The Pennsylvania Republican’s about-face, combined with the all-but-certain ascension of Minnesota Democrat Al Franken to the Senate, should soon leave Democrats with a filibuster-proof 60-vote majority.
. . . But Specter’s abandonment didn’t happen in isolation. No matter whether his move was motivated by principle, fear, or opportunism — or some combination of the three — it comes in the same month as a traditionally GOP-leaning district in upstate New York tipped for the Democrats. In the nine states of the Northeast, including Pennsylvania, there are only 15 GOP House members out of 83 seats, and now just three Republicans out of 18 senators.
. . . While many Republicans were jeering Specter as he headed for the exits, few were denying that the move was a setback, both in public perceptions and legislative arithmetic.

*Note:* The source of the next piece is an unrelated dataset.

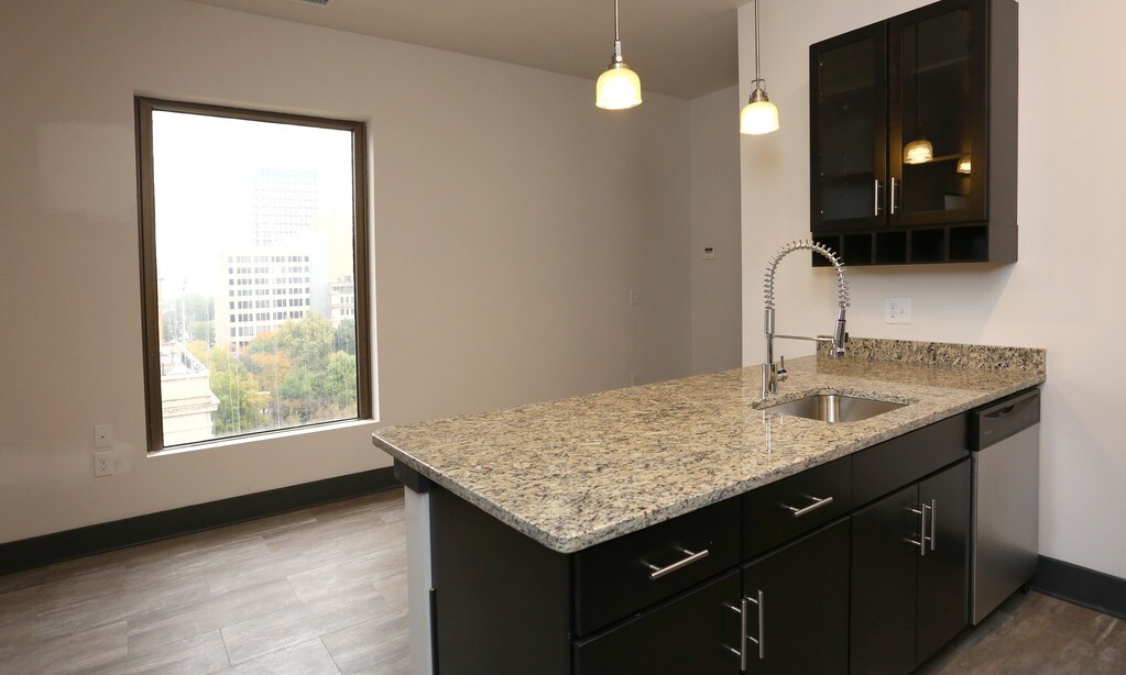 Ideally situated amongst the hustle and bustle of downtown Richmond, VA 8th & Main is right in the heart of the business district and the Virginia State Capitol, popular fine dining options, and plenty of places to enjoy your next night out, like Kabana Rooftop, Hotel Greene, and Casa Del Barco. The James River, Canal Walk, and Brown's Island are a short walk away and offer many outdoor activities for 8th & Main residents. The loft-style apartments come with hardwood and tiled floors, full-sized stacked washer/dryers, and gorgeous kitchens outfitted with stainless steel appliances, built-in microwaves, and granite countertops. Each kitchen also features a breakfast bar which opens up to the spacious living area - making it the perfect setup for entertaining. Many apartment views overlook the gorgeous Capitol Square Park or beautiful Richmond City skyline of high-rises and historic sites. Community amenities include a stunning rooftop pool and terrace space, a massive onsite fitness center, a secure and covered parking deck, and onsite management and maintenance staff. Our apartments are all-inclusive. One price covers your rent, internet, electricity, water/sewer, and trash. The building is also pet-friendly with no weight restrictions and just a one-time pet fee. No monthly pet rent. Contact us to secure your apartment at 8th & Main.

In the midst of it all, CQ Politics reports, "Sen. Jim DeMint wants to promote new, tougher brand of party discipline in coming weeks as the leader of the Republican Steering Committee. Now facing an emboldened Democratic majority, Republicans disagree on the best survival strategy." But DeMint wants conservative purity.
Specter's switch has ushered in a whole new deal in the Senate, in my opinion. Though critics said it was pure ambition, I have to admire his honesty about his motivation. He did not resort to the typical Republican spin, which is at least a good start for him.